== WHAT IS REQUIRED ==
Write out all the data verbatim. Skip images.

== DATA PROVIDED ==
↓

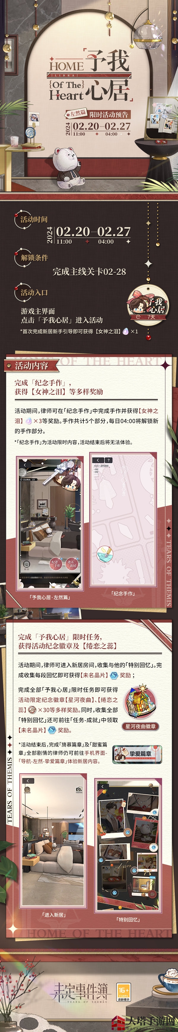 ※活动结束后,完成「旖慕篇章」及「甜蜜篇章」全部剧情的玩家仍可前往手机界面-「导航-左然-挚爱篇章」体验新居内容
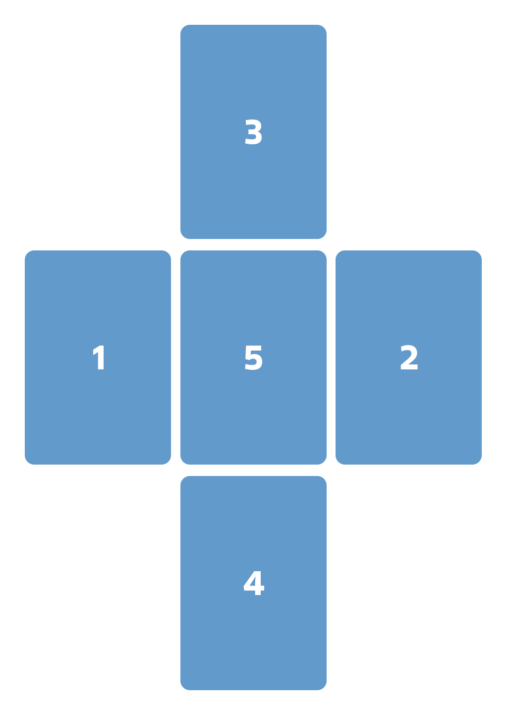 Inspirado na tiragem em cruz, este método utiliza cinco cartas para revelar diferentes aspectos de uma situação:
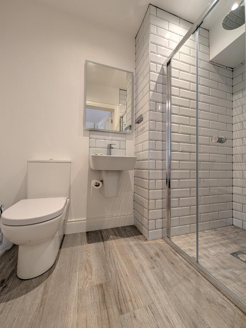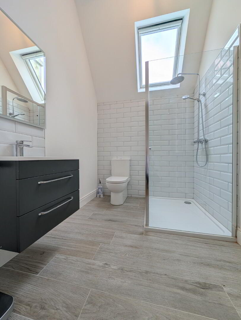 En-suite Shower room - White suite comprising low flush back to wall WC, high gloss vanity unit housing WHB with mono tap, quadrant shower unit with dual head power shower, white high gloss metro brick wall tile, porcelain smoked oak plank floor tile, Velux window
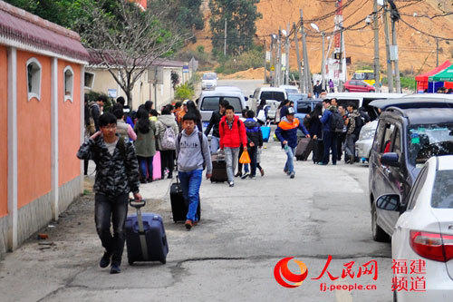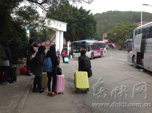 昨天上午,东南快报(微博)(微博)记者来到位于福州市琅岐镇的福建农林大学东方学院,此时,学校门口停了三四辆客车,许多学生拉着行李箱在候车。

↑

== EXERCISE SOLUTION ==
 ※活动结束后,完成「旖慕篇章」及「甜蜜篇章」全部剧情的玩家仍可前往手机界面-「导航-左然-挚爱篇章」体验新居内容
 Inspirado na tiragem em cruz, este método utiliza cinco cartas para revelar diferentes aspectos de uma situação:
 En-suite Shower room - White suite comprising low flush back to wall WC, high gloss vanity unit housing WHB with mono tap, quadrant shower unit with dual head power shower, white high gloss metro brick wall tile, porcelain smoked oak plank floor tile, Velux window
 昨天上午,东南快报(微博)(微博)记者来到位于福州市琅岐镇的福建农林大学东方学院,此时,学校门口停了三四辆客车,许多学生拉着行李箱在候车。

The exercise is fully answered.